British Comedy Guide

Free holidays

A MAN AT THE IMMIGRATION DESK IS FACED BY MAUREEN AND MALCOLM

MAN
How can I help you?

MALCOLM
We're from Zimbabwe and we wish to claim assylum.

MAN
I thought there weren't any of you white land owners left?

MAUREEN
Malcolm you ninny hammer you forgot the disguises!

MAUREEN AND MALCOLM DIG AROUND IN A CARRIER BAG AND PAINT THEIR FACES WITH SHOE POLISH AND STICK JUMBO AFRO WIGS ON.

MAN
What are you doing?

MAUREEN
The prop the prop. You've got less brains that a foetus getting a head first abortion.

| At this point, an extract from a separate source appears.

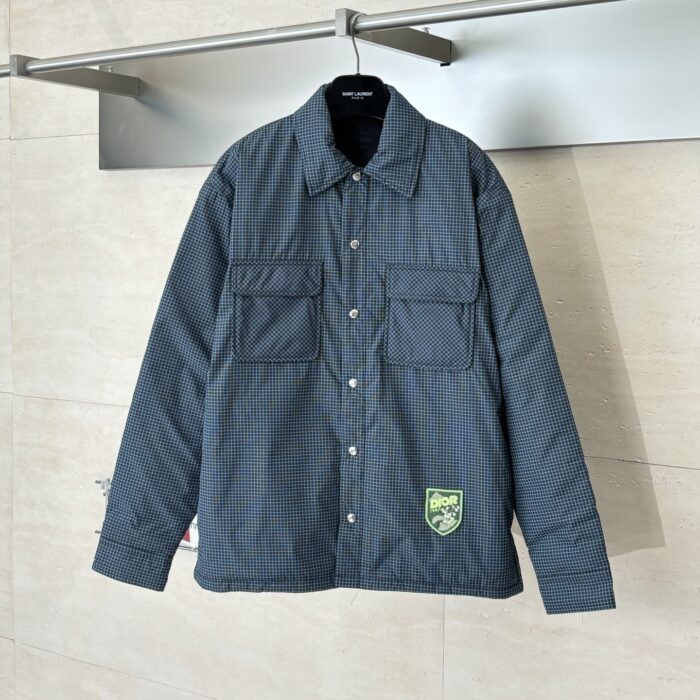 DIOR Embroidery Shirt Cotton-Padded Jacket Blue ディオール シャツ ダウンジャケット ブルー

MALCOLM GRABS A BIG CARROT INEXPERTLY COVERS IT IN RIZLAS. HE INEPTLY TRYS TO LIGHT IT, BEFORE BITING THE END OFF. AND HOLDING IT IN HIS MOUTH PATHETICALLY TRYING TO PRETEND TO SMOKE IT.

MAUREEN
Yeh mon we izz being persecuted by Robert Mugabe's Babylon.

MALCOLM
He's hired Godzilla to beat us up. The damned nip will work for anyone.

MAUREEN
Do the voice you've got less sense than Jordan's fanny!

MALCOLM
Erm mon yeh erm iree that atomic lizard clart can't keep us down.

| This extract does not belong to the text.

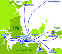 Ferry services operate from the CBD to other points on the mainland and to Hauraki Gulf islands.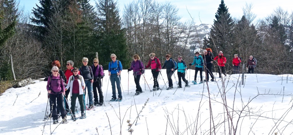 Encore une belle journée en raquettes avec un groupe énergique (13 randonneuses et 4 randonneurs) pour un probable adieu temporaire à cette activité; on a réussi à marcher sur la neige presque en permanence, mais il fallait vraiment chercher les passages qui devenaient assez techniques au milieu des arbustes et des branchages sournois …. Le beau temps était encore présent et la bonne humeur était toujours présente, même après 7 km de marche et 200 m de montée.

MAN PICKS UP A CLIPBOARD ON THE BACK IT READS "Here comes the topical punchline"

MAN
I'm approving your asylum application.

MAUREEN
But why?

MAN
Because you're clearly trying to get repatriated as a free holiday, now that all the cheap holiday companies have closed.

MAUREEN
Come on let's leave this racist. Don't eat the prop you ITV executive!

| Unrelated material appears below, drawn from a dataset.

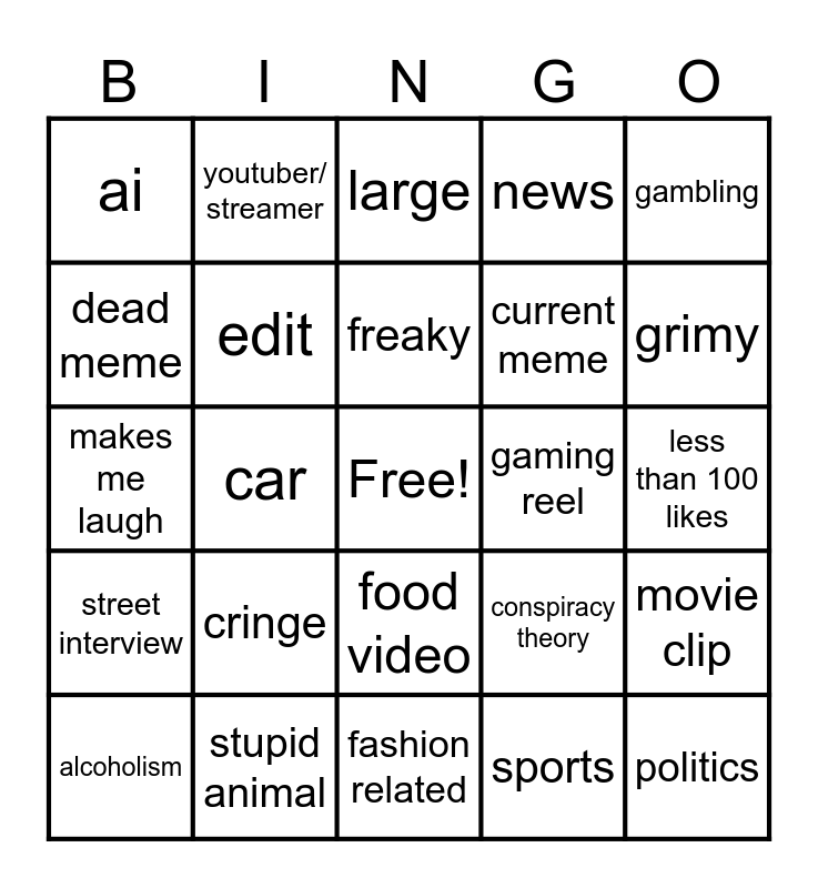 This bingo card has a free space and 24 words: cringe, stupid animal, freaky, alcoholism, gambling, ai, dead meme, youtuber/ streamer, gaming reel, food video, current meme, makes me laugh, conspiracy theory, movie clip, edit, sports, less than 100 likes, large, grimy, car, politics, street interview, news and fashion related.

MALCOLM AND MAUREEN LEAVE WITH MALCOLM EATING THE CARROT.

A PANTOMIME LLAMA WALKS ON.

MAN
Who the hell are you?

LLAMA(FRONT)
I'm the Dalai Llama and I demand asylum!

LLAMA(REAR)
And I'm his wife.

:D

I wasn't keen on mentioning Jordan, not sure Zimbabwean farmers would reference her. I need to confirm, were they granted asylum? If so, why did they leave?

I loved the Dalia Llama bit, very funny. Would look good filmed.